Standard Life goes live with RDR adviser charging

Standard Life has gone live with adviser charging on new business into its key post-Retail Distribution Review product suite, meaning that all new business on the Standard Life Wrap and FundZone platforms will be transacted on an adviser charging basis.

Adviser charging will also be available on Standard Life active money self-invested personal pensions and personal pension, with an option to continue with commission-based transactions until the end of the year, where this is agreed with the consumer. Standard Life Retail International Bond and annuities will accept adviser charging from early December.

Quotations for workplace pension schemes starting in 2013 on a consultancy charging basis are also available from today, along with a consultancy charging modeller tool and template client agreement.

Graeme Bold, director for UK retail RDR at Standard Life, said: “We were early in communicating our plans to our adviser partners and have been working hard to support their transition to adviser charging.

“We’re implementing RDR requirements before the end-of-year deadline to help advisers make the operational changes needed to avoid any last minute teething problems which could leave them closed to new business at the start of the new year - typically a busy time for them.

“From speaking to many advisers around the country we know that getting ready early has required additional effort in the short-term. But we believe that effort will now start to pay back as we all prepare for success into next year.”

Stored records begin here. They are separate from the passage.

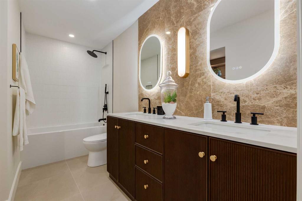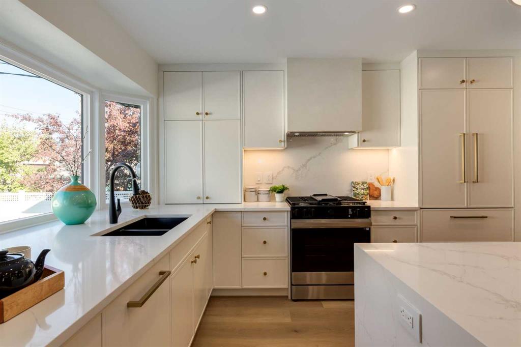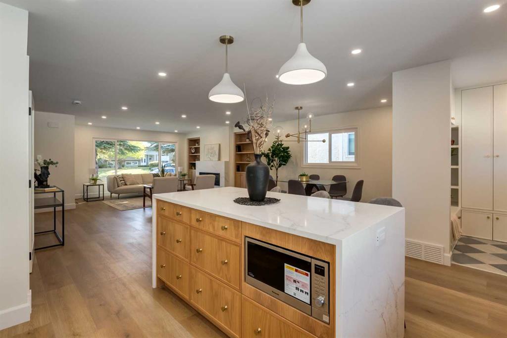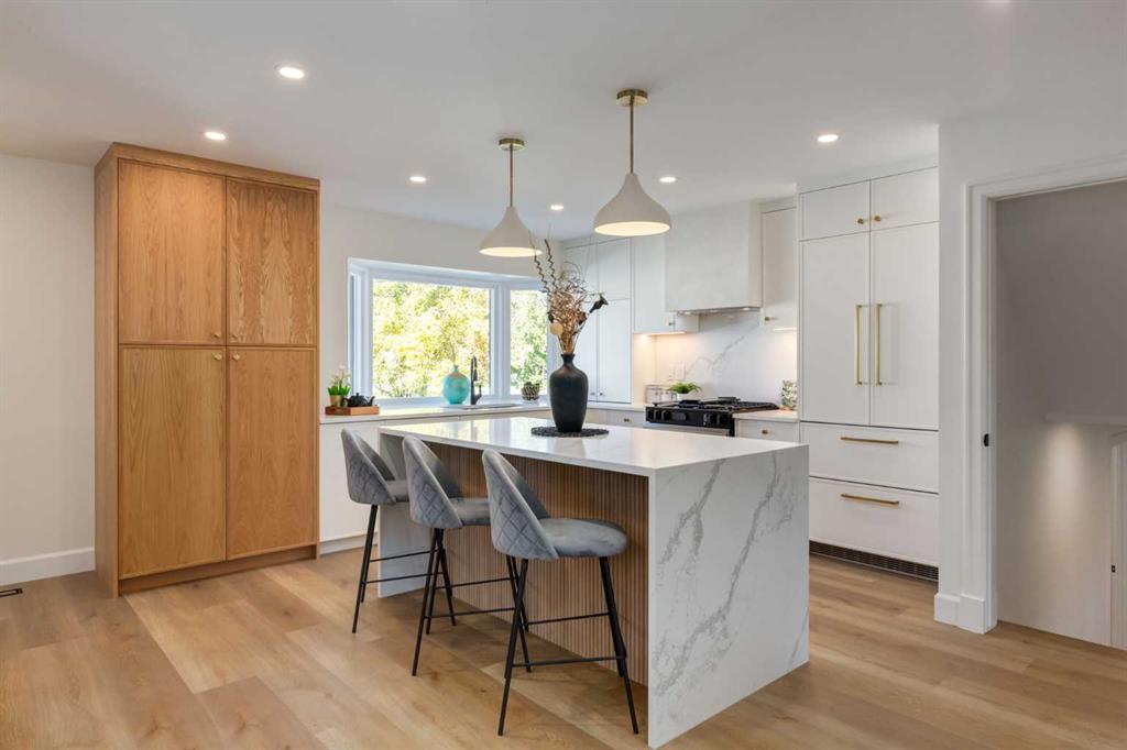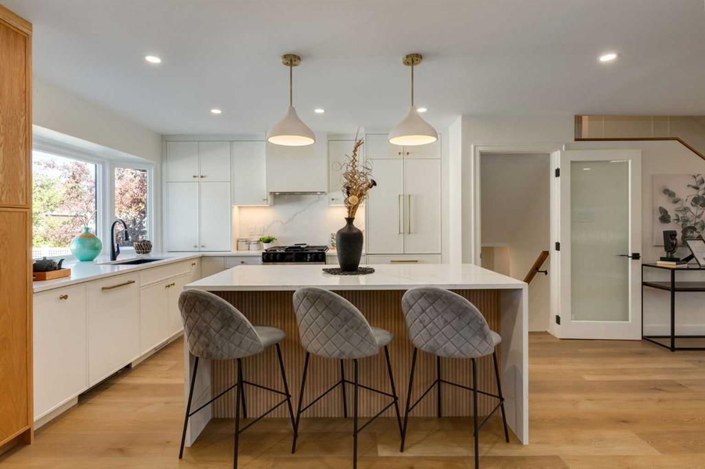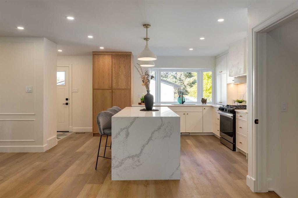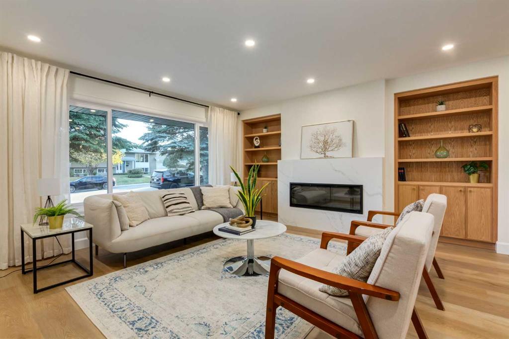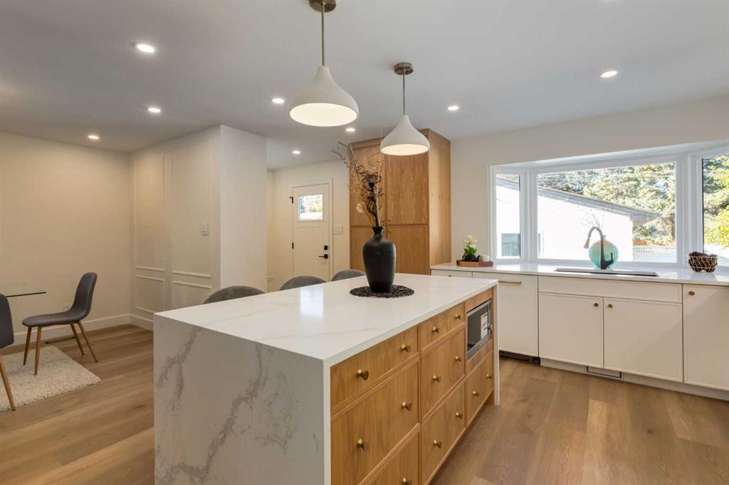 Not a detail overlooked in this stunning and fully renovated 4-level split home in the sought-after lake community of Lake Bonavista. Offering 2,741 SF of thoughtfully designed living space with 5 bedrooms, 3 bathrooms and an oversized double detached garage (24'x24') with epoxy flooring. Immediately you will love the striking curb appeal with crisp white brick and siding accented by black windows, soffits and fascia. Inside, an abundance of natural light highlights the contemporary design and upscale craftsmanship. At the center of this home is the gourmet kitchen, designed for both function and style. It boasts a large island with a breakfast bar and waterfall quartz counter, extensive cabinetry and counter space (with 2 hidden push-pop compartments), undercabinet lighting, and a high-end appliance package, including a gas stove. The spacious main floor also offers an open-concept dining area, living room with custom built-ins and cozy gas fireplace and rear entry mud room with built-in storage. Upstairs you will find the primary suite with a show stopper walk-in closet with laundry and infloor heat and a spa-like 5 piece ensuite. A second bedroom and a beautifully designed 4-piece bathroom complete this level. The fully developed basement is the perfect space for entertaining or hosting guests. It includes a family room, recreation room, 3 additional bedrooms, a gorgeous 3 piece bathroom and a second laundry room making it an ideal retreat for family or overnight visitors. The beautifully landscaped backyard is fully fenced and gives ample space for summer enjoyment on the expansive concrete patio (27'x22') and direct access to the garage. Don't overlook the central AC for those hot summer days and other notable updates including all new windows, insulation in attic, electrical and mainline backwater valve. Lake Bonavista is a truly unique and sought-after community offering private lake access for year around enjoyment as well as schools, shopping, and parks all within close reach. This home is truly a MUST SEE!
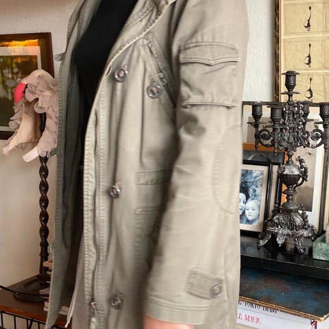 Råftøff 3/4 lang jakke, str M/L, superfin grønnfarge med gulldetaljer. Brukt et par timer, som ny!
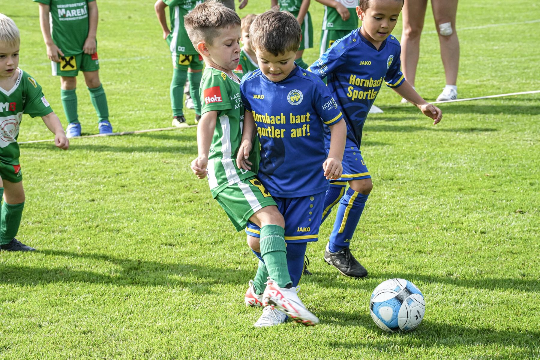 Um 10:00 Uhr ging es dann los – erstes Spiel, erster Anstoß, erste Nervosität. Gleich zu Beginn wartete der Gegner aus Hohenems auf unsere Nachwuchskicker. Und auch wenn sich unsere Jungs und Mädels am Ende geschlagen geben mussten, gab es strahlende Gesichter: Die ersten eigenen Tore und Torchancen wurden gefeiert wie ein Finaltreffer!
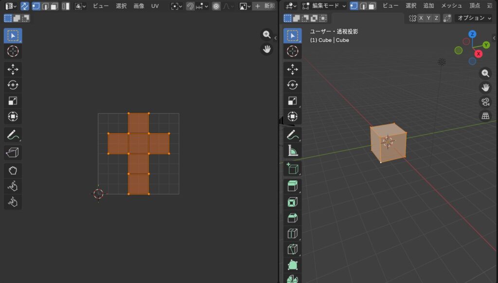 まずUV展開と画像テクスチャ、その関係について説明します。
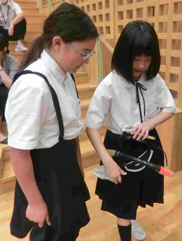 ライアーという竪琴を演奏してくださる、リラバンディアというグループの方が来てくださいました。パッヘルベルのカノンなどなじみのある曲やイメージしたものを即興で演奏するクイズなどさまざまな曲を演奏してくださいました。クイズでは、同じ曲を聴いてもイメージするものが違っていて面白かったですし、大谷小中の児童生徒も先生方もみんな想像力が豊かだなということがわかりました。みんなで「小さな世界」を歌ったことも楽しかったです。演奏後にライアーを触らせてもらいました。楽しい時間をありがとうございました。
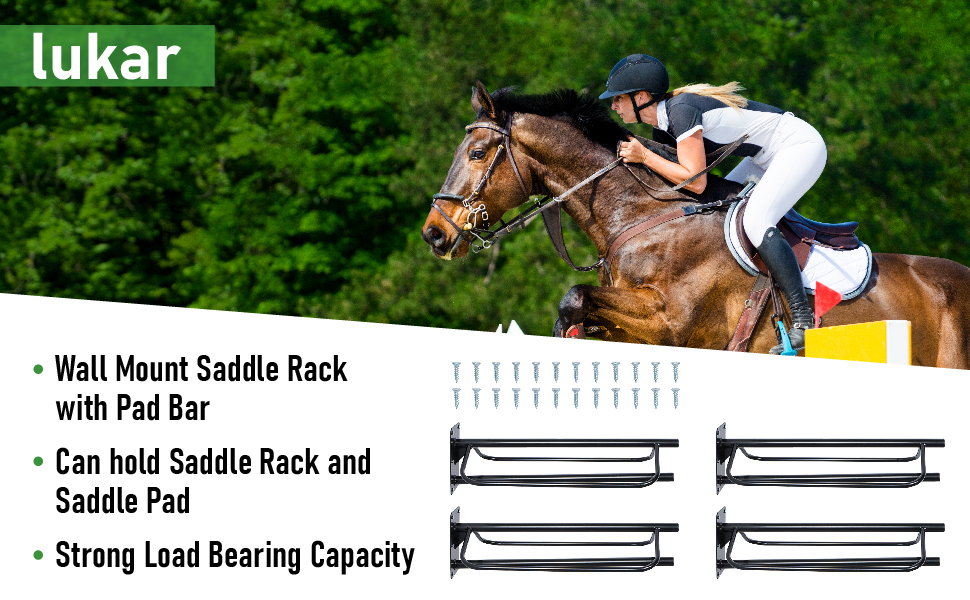 lukar 4PCS Wall Mounted Saddle Rack with Pad Bar, Horse Saddle Pad Rack Metal Saddle Rack Stand Horse Tack Storage for Saddles,Blanket,Pad, Max 45lbs Load Capacity
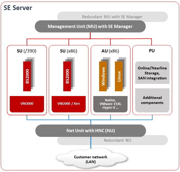 Multiple AUs can be operated on the SE server. An AU enables operation of applications under Linux, Windows or hypervisor-based systems.
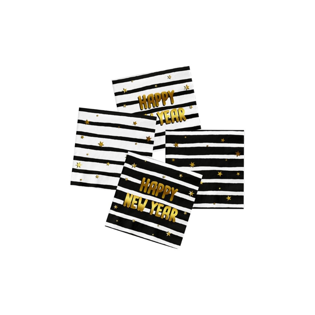 Papírové ubrousky - pruhované Happy New Year 20 ks /BP
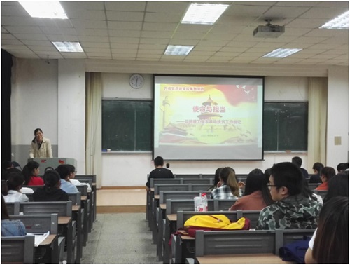 为深入学习习近平新时代中国特色社会主义思想和党的十九大精神,教育我系全体党员不忘初心,牢记使命,6月28日下午,会计系党总支邀请城市学院党委委员李智老师作“使命与担当”主题讲座。我系总支班子成员,教工党员、学生党员、入党积极分子聆听了讲座。讲座由总支书记刘秀丽老师主持。
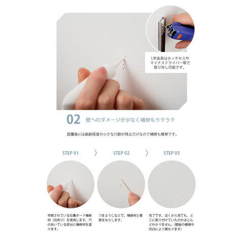 小さなピンを複数差し込んで取付けるため賃貸でもお使いいただけます。
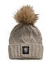 Il Berretto Blauer Dacia da Donna - Avorio è perfetto per la donna che desidera uno stile caldo e femminile. Realizzato in misto lana e cachemire, presenta inserti in lurex per un tocco alla moda e un basso impatto ambientale. Con trecce e pon pon in vera pelliccia, questo berretto trendy è un must-have per affrontare il freddo con stile.
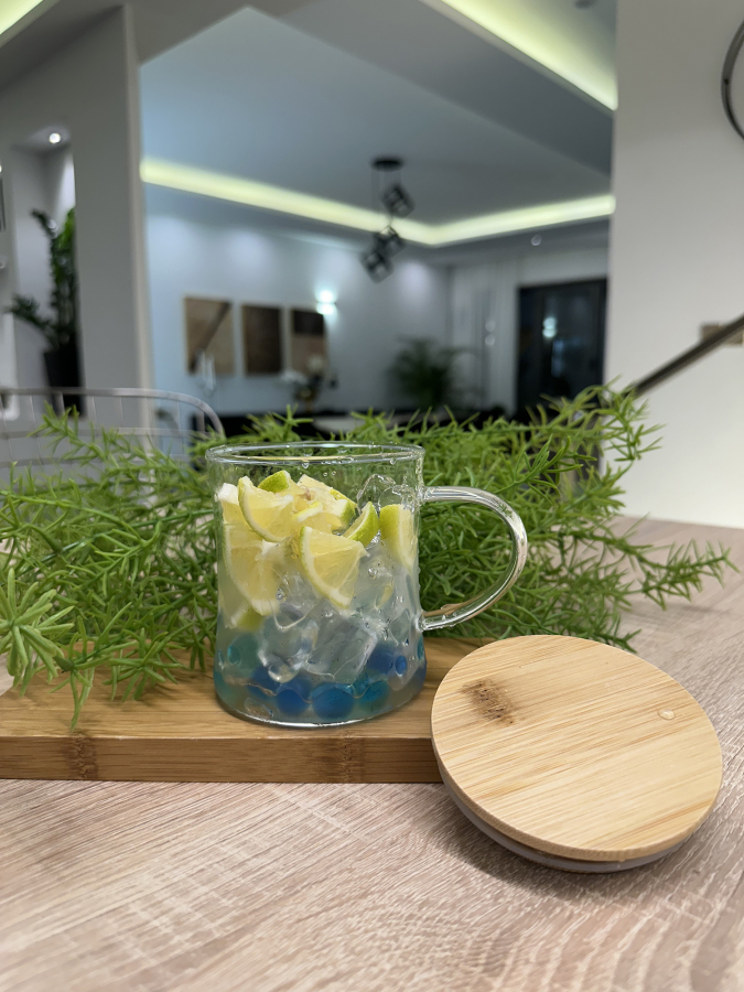 طقم سكر وشايي زجاج قبق خشبي رباعي

According to Standard Life, the challenge that advisers face post-RDR will be minimising disruption to their business to allow them to continue to provide a high level of service to clients while maintaining cashflow when their income stream moves away from commission. The challenge for the industry, it said, will be stimulating the demand for financial advice.

Mr Bold said: “Advisers have already rolled up their sleeves and started the hard work of re-shaping their businesses to capitalise on this opportunity, but this work has only just begun and more change may well be on the way.

“Fundamentally client time, service and relationships will be the currency of the successful adviser – and providers will be measured on how they support this.”